Lin Jen-Kou, Wang Huang-Sheng, Yang Shung-Haur, Jiang Jeng-Kae, Chen Wei-Shone, Lin Tzu-Chen
Department of Surgery, National Yang-Ming University, Taipei Veterans General Hospital, Taiwan.
Surg Today. 2002;32(6):487-92. doi: 10.1007/s005950200082.
This study was designed to compare the long-term results of straight and J-pouch coloanal anastomoses after resection of rectal cancers located in the critical position of 5-6cm from the anal verge.
The subjects of this study were 81 patients who underwent radical resection of rectal cancers located 5-6 cm from the anal verge, followed by straight or J-pouch coloanal anastomosis, performed in 41 and 40 patients, respectively. Careful clinical and manometric follow-up was conducted and the results were compared.
There were no differences in the incidence of local recurrence, the disease-free survival rate, postoperative stool frequency, continence, sphincter pressures, or functional length between the two groups. Both groups had a high incidence of clustering or fragmented defecation; however, the J-pouch patients had better urgency control, a greater capacity before feeling the urge to defecation, superior rectal tolerance, and better compliance.
Both straight and J-pouch coloanal anastomoses are oncologically and functionally acceptable for the treatment of rectal cancer located 5-6cm from the anal verge, but the J pouch has slight superiority in urgency control, as a result of larger urge threshold and tolerable volume, and better compliance. The reason for the high incidence of clustering defecation in both groups needs to be investigated.
本研究旨在比较距肛缘5 - 6cm关键位置直肠癌切除术后直结肠肛管吻合术和J形贮袋结肠肛管吻合术的长期结果。

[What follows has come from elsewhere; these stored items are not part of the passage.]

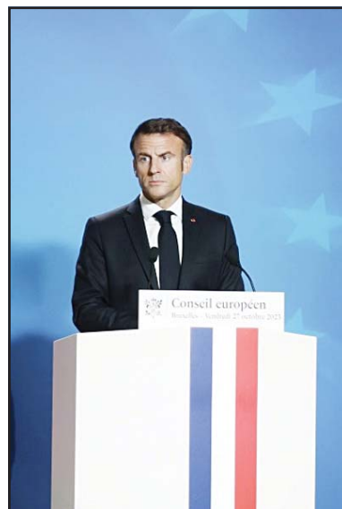
French President Emmanuel Macron speaks during a media conference at an EU summit in Brussels on Oct 27. European Union leaders concluded a second day of meetings on Friday in which they discussed, among other issues, migration.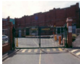
h02031 preston tramway workshops entry gates may03 aj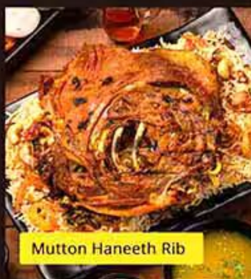
Mutton Haneeth Rib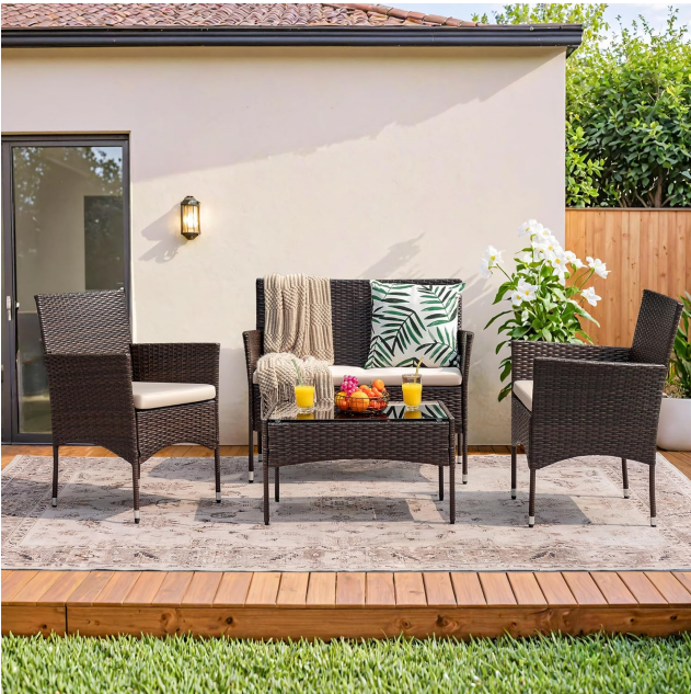
Image: The set is versatile for various outdoor settings, including lawns and gardens.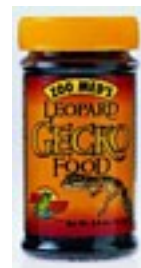
Leopard Gecko Food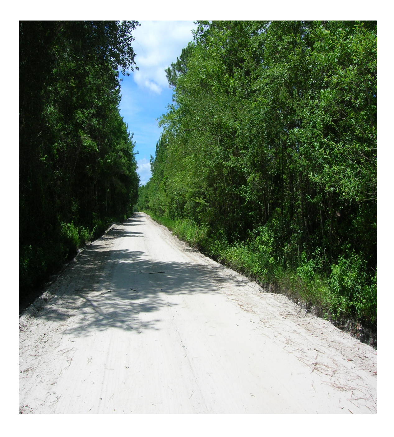
Road Frontage view looking north. Tract on right (east of Spring Hill Church Road).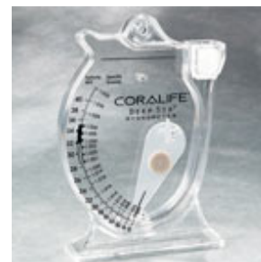
Deep Six Hydrometer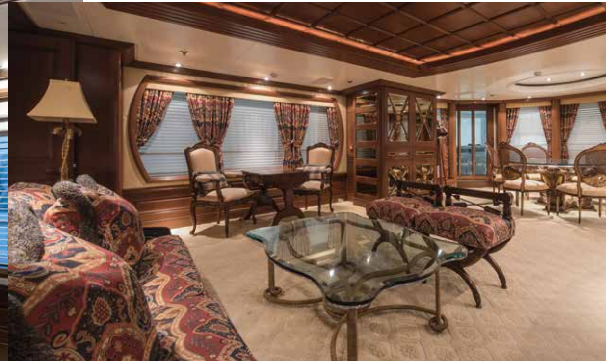
Then and now: the original 2001 upper saloon of Kiss the Sky, right, complete with dark, rich fabrics, elaborate patterns and heavy curtains. Opposite page: the updated Harmony upper saloon created by Luca Dini, with its lighter colour palette and modern furniture

The previous interior décor was warm and classic... The style now is fresh and modern, with snowy silk carpets by Tai Ping, white leather upholstery and splashes of soft marine blue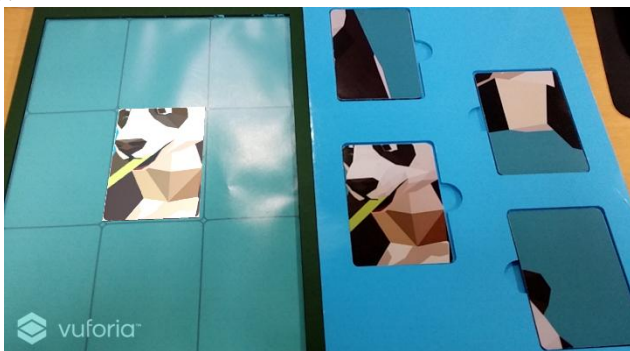
Fig. 6 Scene showing 3D animation when puzzle is completed

When the elderly wearing a HoloLens watch a puzzle piece that does not match, a hint is shown by converting the position of the puzzle piece into a 3D image (Fig. 6). After the elderly complete the puzzle, the HoloLens recognizes the completed puzzle and the image of the completed puzzle (puppy, panda) is displayed in 3D animation as shown in Fig. 7.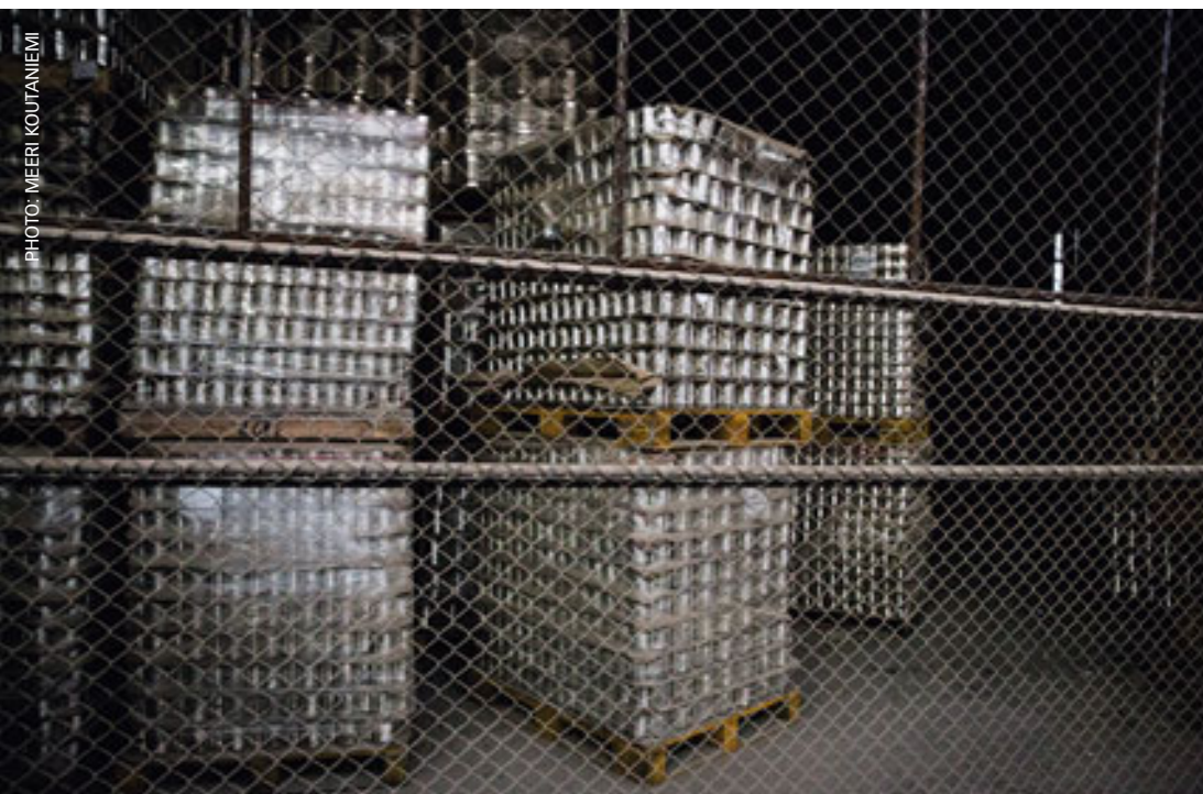
Vita Food Factory storage.

According to interviewed workers, the factory gives workers training for audits. When auditors interview workers the workers are told to lie and tell the auditor that they receive legal overtime compensation and salaries. Workers who can speak Thai are given a recorder which they need to keep in their pocket during interviews. After the interview is over their supervisor will listen to what the worker had said.

本研究的对象为81例行距肛缘5 - 6cm直肠癌根治性切除术的患者,分别对41例和40例患者进行了直结肠肛管吻合术和J形贮袋结肠肛管吻合术。进行了仔细的临床和测压随访并比较结果。
两组在局部复发率、无病生存率、术后排便频率、控便能力、括约肌压力或功能长度方面均无差异。两组均有较高的成簇或碎片化排便发生率;然而,J形贮袋患者在急迫感控制方面更好,排便冲动前容量更大,直肠耐受性更好,顺应性更佳。
直结肠肛管吻合术和J形贮袋结肠肛管吻合术在治疗距肛缘5 - 6cm的直肠癌方面在肿瘤学和功能上均可接受,但由于冲动阈值更高、可耐受容量更大以及顺应性更好,J形贮袋在急迫感控制方面略有优势。两组成簇排便发生率高的原因有待研究。